August 10th, 12:40 AM - Algorithm Optimization

Shifted from random forest classification to regression algorithm for enhanced performance. The regression approach provided continuous mixing scores rather than discrete categories, giving DJs more nuanced recommendations.

Part 3: Deployment Pipeline

August 14th, 1:48 AM - Model Endpoint Deployment

Mixmeister went live! The goal: generating mixing scores for searched songs and suggesting 3–5 compatible options.

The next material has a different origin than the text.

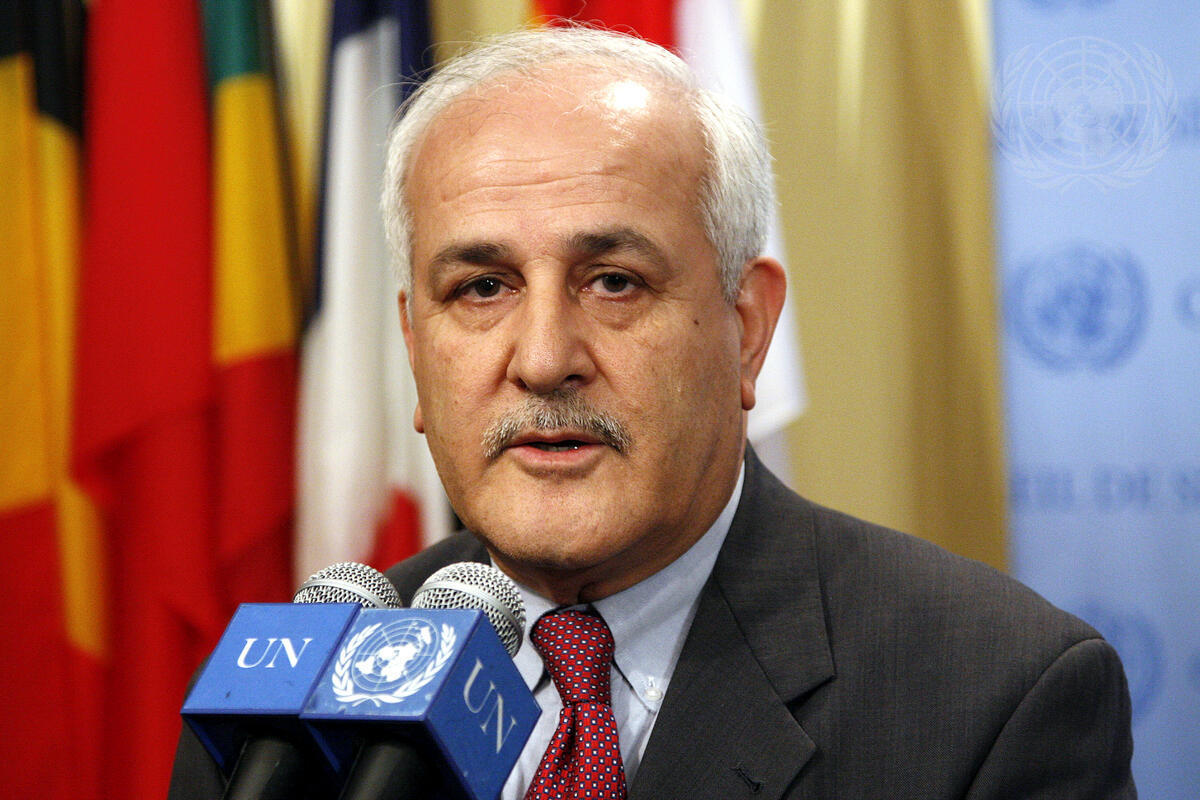 Riyad H. Mansour, Permanent Observer of Palestine to the United Nations, speaks to correspondents outside the Security Council Chamber.
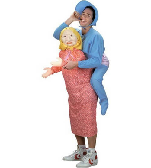 Un travestimento da fare in coppia: il risultato è un letto con donna partoriente e un bebè che sta nascendo..

Lambda Function for Real-Time Inference

# lambda_handler.py
import json
import boto3
import numpy as np
 
# Initialize Sagemaker runtime
runtime = boto3.client('sagemaker-runtime')
endpoint_name = 'djdoc-mixing-model'
 
def lambda_handler(event, context):
    """
    Handle mixing score prediction requests
    Input: Current song features + desired genre
    Output: Top 5 compatible songs
    """
    try:
        # Parse request
        body = json.loads(event['body'])
        current_song_features = body['song_features']
        target_genre = body.get('genre', 'all')
        
        # Query MongoDB for candidate songs
        candidates = get_candidate_songs(target_genre)
        
        # Prepare features for batch prediction
        feature_pairs = []
        for candidate in candidates:
            pair = np.concatenate([
                current_song_features,
                candidate['features']
            ])
            feature_pairs.append(pair)
        
        # Invoke Sagemaker endpoint
        payload = json.dumps({'instances': feature_pairs})
        response = runtime.invoke_endpoint(
            EndpointName=endpoint_name,
            ContentType='application/json',
            Body=payload
        )
        
        # Parse predictions
        predictions = json.loads(response['Body'].read())['predictions']
        
        # Rank and return top 5
        scored_songs = [
            {'song': candidates[i], 'score': predictions[i]}
            for i in range(len(candidates))
        ]
        scored_songs.sort(key=lambda x: x['score'], reverse=True)
        top_5 = scored_songs[:5]
        
        return {
            'statusCode': 200,
            'headers': {
                'Content-Type': 'application/json',
                'Access-Control-Allow-Origin': '*'
            },
            'body': json.dumps(top_5)
        }
        
    except Exception as e:
        print(f"Error: {str(e)}")
        return {
            'statusCode': 500,
            'body': json.dumps({'error': str(e)})
        }
 
def get_candidate_songs(genre):
    """Query MongoDB for songs in target genre"""
    from pymongo import MongoClient
    
    client = MongoClient(os.environ['MONGO_URI'])
    db = client['djdoc']
    
    query = {} if genre == 'all' else {'genre': genre}
    songs = list(db.tracks.find(query).limit(100))
    
    return songs

August 23rd, 2:18 PM - CORS Fix & MongoDB Integration

Training to deployment via endpoints, Lambda functions, and API Gateways was smooth. But a CORS issue needed fixing.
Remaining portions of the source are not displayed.